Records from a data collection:
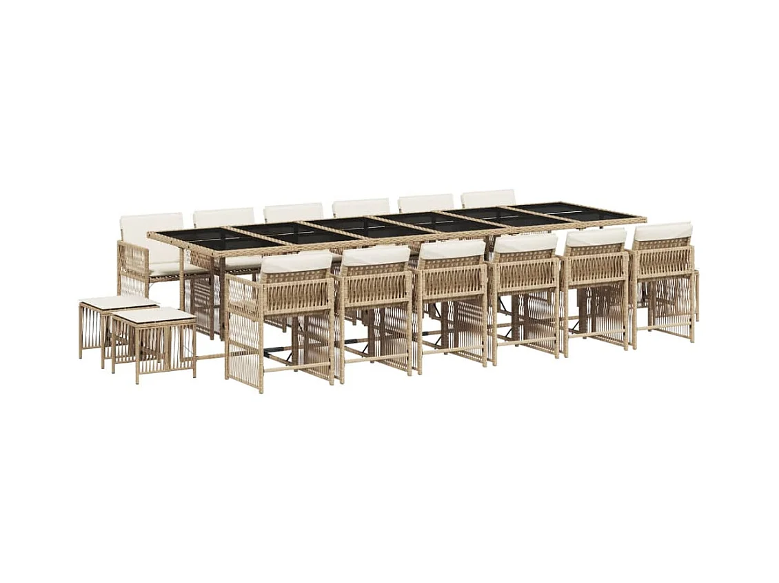 17-delige Tuinset met kussens poly rattan gemengd beige
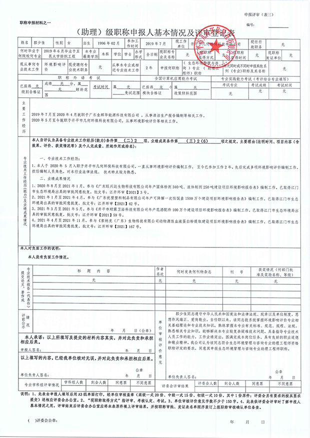 經(jīng)個(gè)人申報(bào)和單位初步審核,我公司黎志全、徐紫瑩、郭少佳申報(bào)相應(yīng)職稱。現(xiàn)對(duì)其申報(bào)相應(yīng)職稱材料進(jìn)行公示。
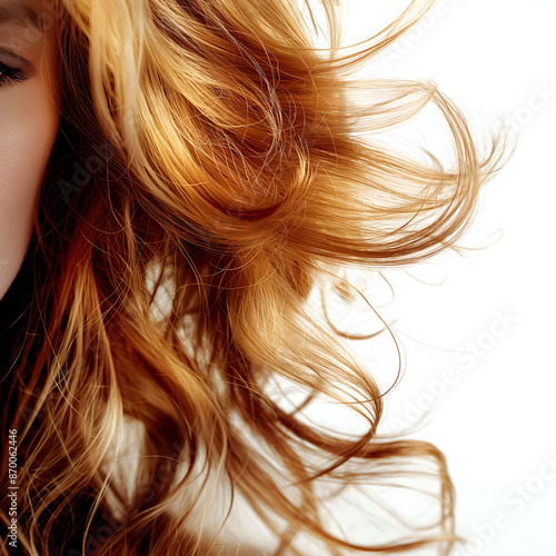 Elegant Flowing Hair in Close-Up View on Isolated Background
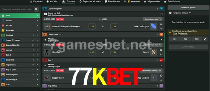 A aposta 77Kbet oferece aos jogadores a experiência mais conveniente de apostas em eSports!
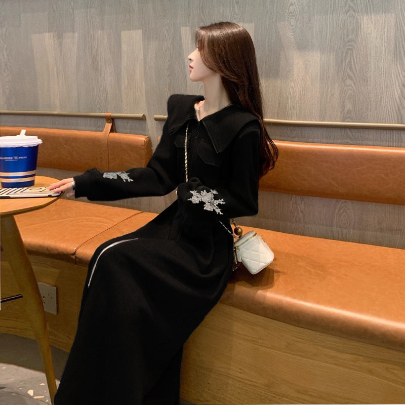 Gray Sweatshirt Dress for Women, Spring and Autumn Fashionable and Stylish, Youthful and Elegant Turn-down Collar Casual Dress
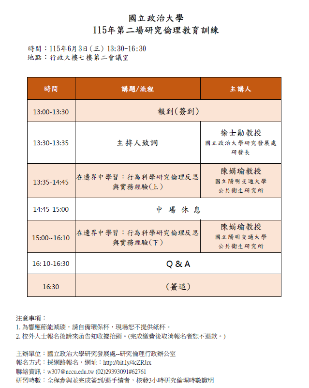 【校外演講訊息】國立政治大學為提升本校教研人員研究倫理知能,本處研究倫理行政辦公室謹訂於115年6月3日舉辦「115年第二場研究倫理教育訓練」,活動訊息詳如說明,敬請轉知所屬教研同仁踴躍報名參加,請查照。
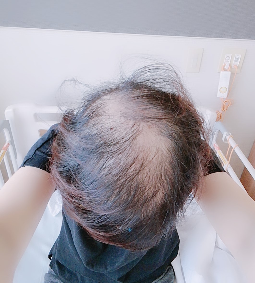 2回目の入院時の脱毛は、頭頂部の抜け毛がひどかったのですが、かろうじて、前から見ると、分からないくらいの抜け毛でした。
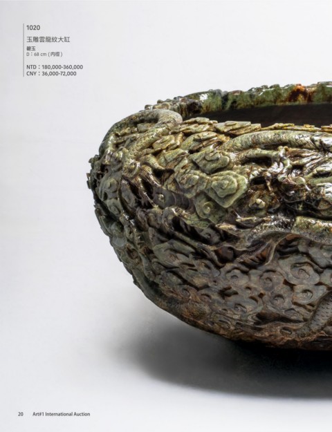 1020 玉雕雲龍紋大缸 碧玉 D:68 cm ( 內徑 ) NTD:180,000-360,000 CNY:36,000-72,000 20 Art#1 International Auction CULTURAL RELICS 21

#### Exercise goal:
Return exactly the lines that begin with the one containing "經(jīng)個(gè)人申" and end with the final line of the data above; include no pictures.

#### The answer:
 經(jīng)個(gè)人申報(bào)和單位初步審核,我公司黎志全、徐紫瑩、郭少佳申報(bào)相應(yīng)職稱。現(xiàn)對(duì)其申報(bào)相應(yīng)職稱材料進(jìn)行公示。
 Elegant Flowing Hair in Close-Up View on Isolated Background
 A aposta 77Kbet oferece aos jogadores a experiência mais conveniente de apostas em eSports!
 Gray Sweatshirt Dress for Women, Spring and Autumn Fashionable and Stylish, Youthful and Elegant Turn-down Collar Casual Dress
 【校外演講訊息】國立政治大學為提升本校教研人員研究倫理知能,本處研究倫理行政辦公室謹訂於115年6月3日舉辦「115年第二場研究倫理教育訓練」,活動訊息詳如說明,敬請轉知所屬教研同仁踴躍報名參加,請查照。
 2回目の入院時の脱毛は、頭頂部の抜け毛がひどかったのですが、かろうじて、前から見ると、分からないくらいの抜け毛でした。
 1020 玉雕雲龍紋大缸 碧玉 D:68 cm ( 內徑 ) NTD:180,000-360,000 CNY:36,000-72,000 20 Art#1 International Auction CULTURAL RELICS 21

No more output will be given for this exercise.